Entre ajedrezados y galos: el glorioso final de la Copa del Mundo 2018
Guerra y paz: el escenario pintado por Tolstoi, sinónimo de las invasiones napoleónicas. Símbolo inequívoco de la literatura rusa y los canales por los que se rige cualquier actividad deportiva: el conflicto que hermana, paradójicamente. “Eres mi adversario, pero no mi enemigo”, dice una cita olímpica.
Moscú recibió en su batalla más importante a Francia, dos siglos después. Esta vez con otro rostro de la “Grand Armee”. Napoleón reflejado en catorce integrantes del conjunto galo: hijos de inmigrantes con miras a la conquista, en este caso, no sólo de Europa, sino del mundo.
Enfrente no estaba el ejército del Imperio Ruso, sino Croacia. Otra zona bélica; ésta con recuerdos grabados y presentados en televisión. Una de las extremidades desprendidas cuando cayó Yugoslavia. Un reflejo de lo que fue la Unión Soviética. La unidad esparcida en territorios. Identidades que se recrean de acuerdo al compás político de la zona.
El orden estaba claro. “Les Bleus” partían como el conjunto experimentado, poderoso, imparable. Justo lo que provocó que la derrota en 1812 fuera tan dolorosa y conflictiva en lo subsecuente para Napoleón. Caso similar a Didier Deschamps. Capitán que levantó el trofeo en el Stade de France en 1998, pero que ya había perdido una oportunidad histórica en la Euro 2016. Vencer o el exilio. Quizá la referencia valiera más con una final frente a Inglaterra, pero de haber perdido, Waterloo hubiese sido la imagen más adecuada para describirlo.

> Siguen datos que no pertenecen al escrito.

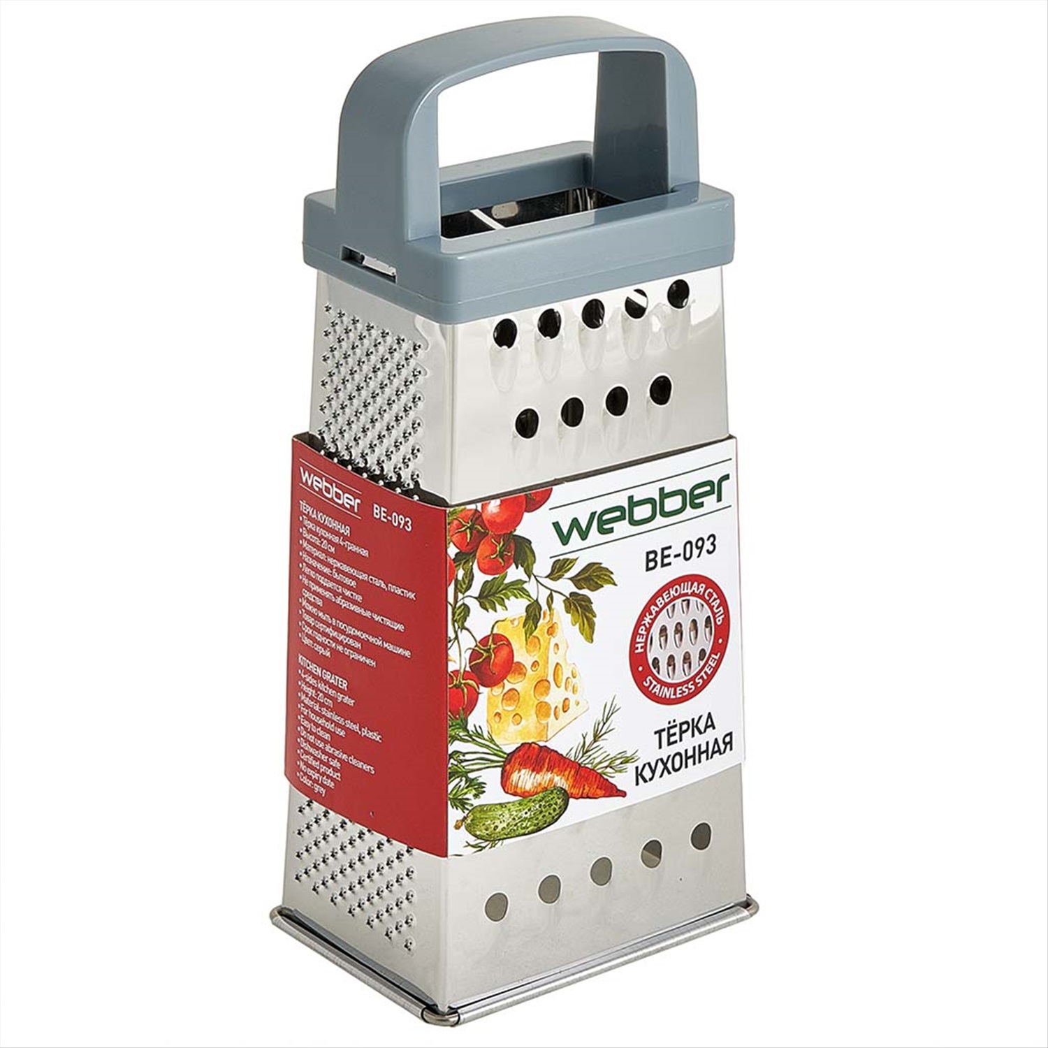 Производитель: Бренд Webber; Аксай: много; Москва: много Параметры * Высота 20 см Описание * Тёрка кухонная четырехгранная * Материал: нержавеющая сталь, пластик * Цвет ручки: серый * Легко поддаётся чистке * Можно мыть в посудомоечной машине

El partido comenzó y el diálogo kinestésico entre croatas y franceses tenía un vaivén que ninguno tardó en descifrar. Entonces, Antoine Griezmann, mariscal de campo de los galos envió un mensaje correcto. Una sonda de peligro a pelota parada y una “mala traducción” de Mario Mandzukic permitió que el ataque fuera certero. Francia 1-0 Croacia.
Entonces, la respuesta. Croacia respondió de la misma forma, con un tiro libre que bailó la pelota a lo largo del área y que terminó con un riflazo de Ivan Perisic. Los ajedrezados tomaron el control del partido. Aprendieron de la victoria rusa en 1812: rodearlos. Controlar la posesión. Sin embargo, faltó el arranque del incendio de Moscú: la puntilla. Maniataron a los “Blues”, pero no los ajusticiaron.

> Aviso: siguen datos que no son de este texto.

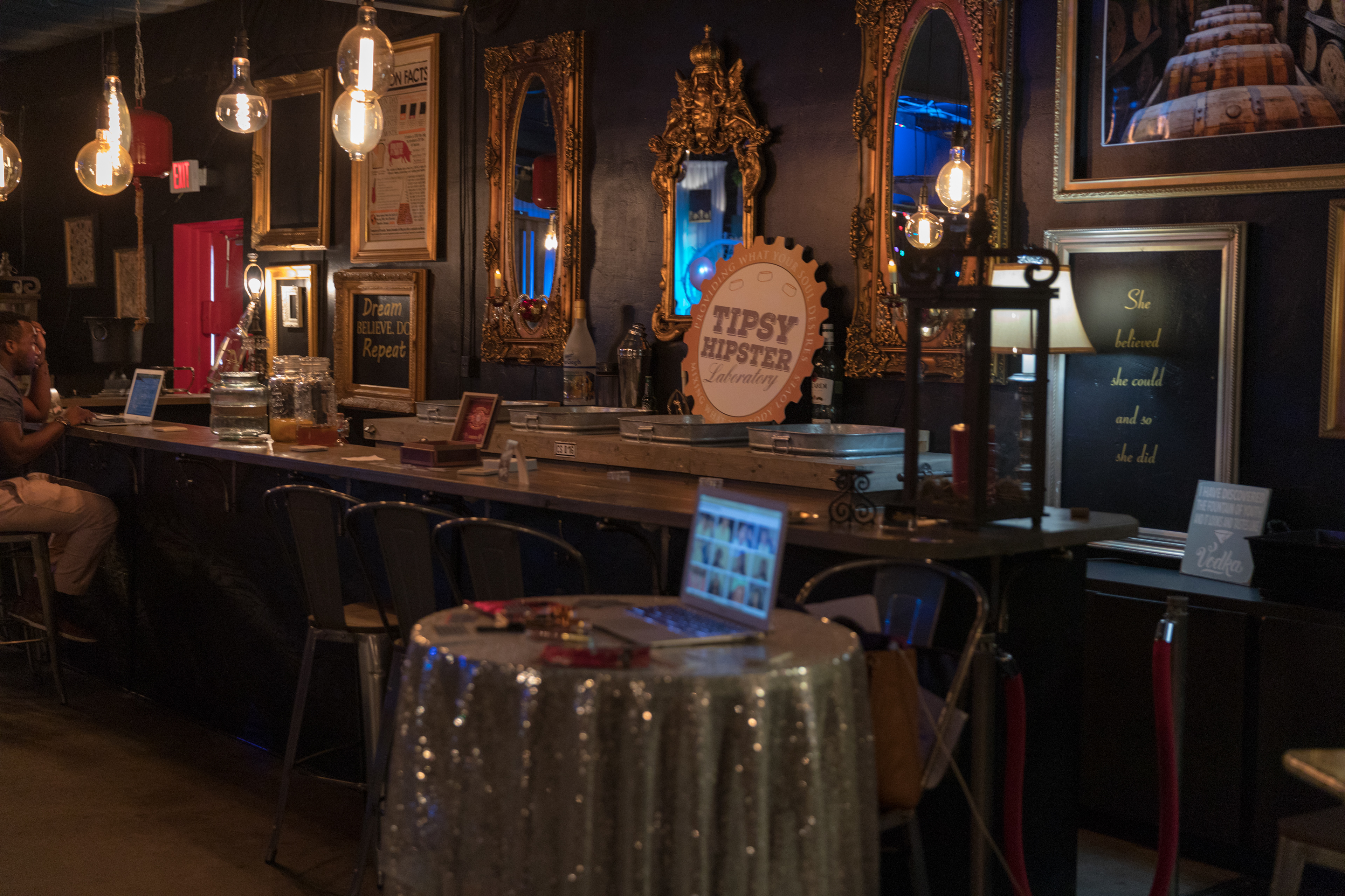 This was a unique networking event. Businesses met together to drink liquor and build vision boards to illustrate their business. It was held at the beautiful Epicenter in Tampa Fl.

Dicen que las finales son reflejos inequívocos del Mundial per se y una mano en el área, revisada por el Video Assistant Referee (VAR), condenó a los croatas a un fusilamiento. Al paredón de los once pasos. De nuevo, Griezmann con la responsabilidad y no falló: 2-1 antes del descanso.
Entonces, ballet sobre el pasto. De pronto comenzó a sonar Tchaikovsky: la obertura que conmemora la caída del “petit caporal”: 1812. Año simbólico, igual que 2018. Páginas que van a los libros de historia. Sin embargo, esta vez parecía tener otro motivo. Los pasajes de la Marsellesa, que aluden a los galos tricolor, fueron la exaltación del mejor equipo de la competencia y los cañones fueron interpretados por Pogba y Mbappe, quiénes ajusticiaron en cuatro minutos una posible remontada: 4-1.
Sin embargo, el sello de la casa de enfrente es el de la lucha y en una jugada, quizá no tan inmortal por la poca consecuencia que tuvo, Croacia se puso a dos. O más bien, Hugo Lloris los puso a un par de anotaciones de conseguir el ansiado empate. Otra final en la que el portero reinventa la capacidad de una pifia.
Pero ahí quedó. Esta vez, no hubo sorpresas, derrotas inevitables. Fue un conjunto que se mostró bordando su segunda estrella en el uniforme desde el día uno. Finalmente, conquista. La obertura sigue sonando con el tema principal. Una marcha que hoy los campeones del mundo toman de Rusia como parte de su botín de conquista. La vergüenza se borró en la cancha. Ya no se ve a Napoleón regresando cabizbajo en su caballo, sino a veintitrés jugadores que pueden presumir el dominio del mundo futbolístico a nivel selección, por lo menos, los siguientes cuatro años. “Le jour de glorie, est arrivé”.